The backpack program at GCHS is designed to help students who may not have enough food at home. It is designed to be a supplement for the weekend when students don’t have access to a school breakfast or lunch. In recent years, there has been a growing need for schools to help students get the nutrition they need while away from school.
Childhood hunger is a major issue in America. According to FeedingAmerica.org, 1 in 6 children may not know where their next meal is coming from. This is an increase due to the pandemic and parents losing jobs. Kentucky has an even higher rate, with 1 in 5 children not knowing where their next meal comes from. Hunger can lead to issues in school for students, because they might not be able to concentrate as much. Some students may be more focused on getting their next meal.
Cheri Risher, GCHS’s school social worker, acknowledged that food insecurity is a problem in the school for some, and she works with families to address their basic needs through the school’s backpack program. Students can pick up a backpack weekly that is packed with enough non-perishable items to cover breakfast, lunch and snacks for the days away from school. These items are non-perishable so that nothing can spoil. The students pick up their backpack every Friday to take home for the weekend.
Risher works at the start of each year to determine who may need the extra assistance. “We do a survey in order to figure out which students need the program,” Risher said. The program is especially important right now due to the pandemic and the fact that many parents have lost their jobs. Risher stated, “At Great Crossing, I have 25 students in the program, but I think more kids could use it.

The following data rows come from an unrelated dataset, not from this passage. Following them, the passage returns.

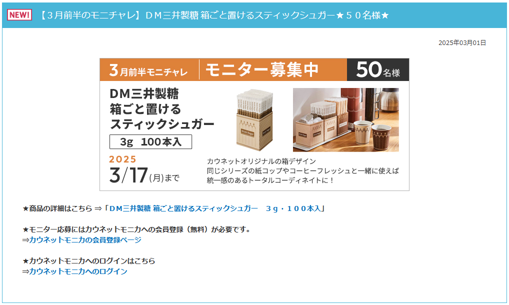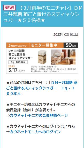 モニター応募にはカウネットモニカへの会員登録(無料)が必要です。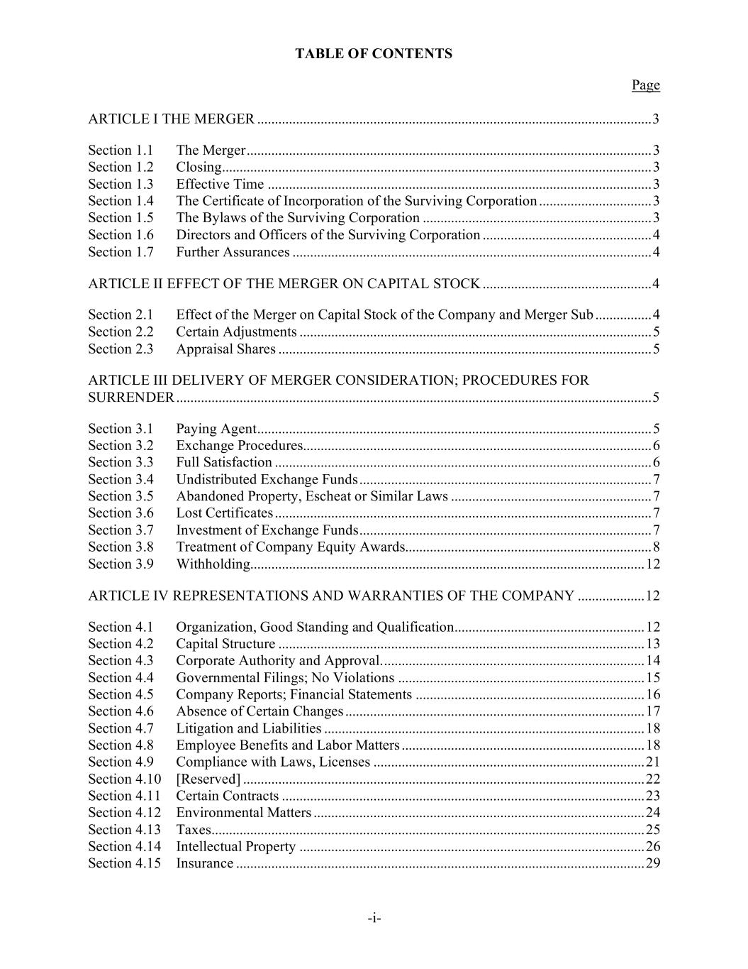 TABLE OF CONTENTS Page -i- ARTICLE I THE MERGER ................................................................................................................ 3 Section 1.1 The Merger ................................................................................................................... 3 Section 1.2 Closing.......................................................................................................................... 3 Section 1.3 Effective Time ............................................................................................................. 3 Section 1.4 The Certificate of Incorporation of the Surviving Corporation ................................ 3 Section 1.5 The Bylaws of the Surviving Corporation ................................................................. 3 Section 1.6 Directors and Officers of the Surviving Corporation ................................................ 4 Section 1.7 Further Assurances ...................................................................................................... 4 ARTICLE II EFFECT OF THE MERGER ON CAPITAL STOCK ................................................ 4 Section 2.1 Effect of the Merger on Capital Stock of the Company and Merger Sub ................ 4 Section 2.2 Certain Adjustments .................................................................................................... 5 Section 2.3 Appraisal Shares .......................................................................................................... 5 ARTICLE III DELIVERY OF MERGER CONSIDERATION; PROCEDURES FOR SURRENDER ....................................................................................................................................... 5 Section 3.1 Paying Agent ................................................................................................................ 5 Section 3.2 Exchange Procedures................................................................................................... 6 Section 3.3 Full Satisfaction ........................................................................................................... 6 Section 3.4 Undistributed Exchange Funds ................................................................................... 7 Section 3.5 Abandoned Property, Escheat or Similar Laws ......................................................... 7 Section 3.6 Lost Certificates ........................................................................................................... 7 Section 3.7 Investment of Exchange Funds ................................................................................... 7 Section 3.8 Treatment of Company Equity Awards...................................................................... 8 Section 3.9 Withholding................................................................................................................ 12 ARTICLE IV REPRESENTATIONS AND WARRANTIES OF THE COMPANY ................... 12 Section 4.1 Organization, Good Standing and Qualification...................................................... 12 Section 4.2 Capital Structure ........................................................................................................ 13 Section 4.3 Corporate Authority and Approval. .......................................................................... 14 Section 4.4 Governmental Filings; No Violations ...................................................................... 15 Section 4.5 Company Reports; Financial Statements ................................................................. 16 Section 4.6 Absence of Certain Changes ..................................................................................... 17 Section 4.7 Litigation and Liabilities ........................................................................................... 18 Section 4.8 Employee Benefits and Labor Matters ..................................................................... 18 Section 4.9 Compliance with Laws, Licenses ............................................................................. 21 Section 4.10 [Reserved] .................................................................................................................. 22 Section 4.11 Certain Contracts ....................................................................................................... 23 Section 4.12 Environmental Matters .............................................................................................. 24 Section 4.13 Taxes........................................................................................................................... 25 Section 4.14 Intellectual Property .................................................................................................. 26 Section 4.15 Insurance .................................................................................................................... 29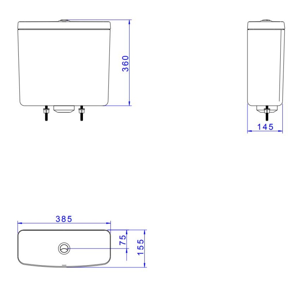 Comprimento: 385 mm| Largura: 155 mm| Altura: 360 mm.

However, they might be uncomfortable.” While Risher sends out her survey at the beginning of each year to determine need, a student can enter the program at any point during the year if the family’s situation changes.
The program is primarily funded through community donations. In the past, GCHS had churches sponsor the program. However, the pandemic interfered with many churches ability to fundraise, and they had to pause their participation in the program. The largest support of the program this year has been GCHS parent Julie Amburgey.

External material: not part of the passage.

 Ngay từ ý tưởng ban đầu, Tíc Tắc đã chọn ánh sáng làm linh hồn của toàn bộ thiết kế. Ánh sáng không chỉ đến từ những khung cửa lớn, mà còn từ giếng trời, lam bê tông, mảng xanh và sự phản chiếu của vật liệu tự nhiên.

Amburgey has helped with the backpack program at SCMS ever since she was able to, which has been about 12 years. She learned that the program existed at Garth Elementary and she has worked to support several other schools in the district as well. She currently works to provide items for SCMS and GCHS.
While Amburgey got involved as an individual, she has now rallied her neighbors in Canewood to become involved with the program. “My neighborhood in Canewood provided foods such as granola bars and pretzels. They drop the food off at my doorstep, and then I take it to the school. I have about 30-40 people who help me.” Juett Heating and Air, Amburgey’s employer, has also been able to donate items to the program on a regular basis.
Amburgey talked about how times were hard for her growing up, and how she is able to relate to these kids. She commented, “This program is important, because we all come from different backgrounds. It was harder for me when I was younger, so I know what these kids are going through. This is a very meaningful program to me.” Amburgey said she plans to always support this program, even once her children are out of school.
Risher also talked about how the community is able to help. “We are always accepting donations. Any non-perishable food items are great.” Suggested items include cereal bars, poptarts, beef jerky, fruit/applesauce cups, chips and pasta items. Household basics such as laundry detergent, toothbrushes, toothpaste, deodorant, shampoo/conditioner and body wash are also needed. Individuals are also able to make cash donations as well.
Donations can be brought anytime during school hours.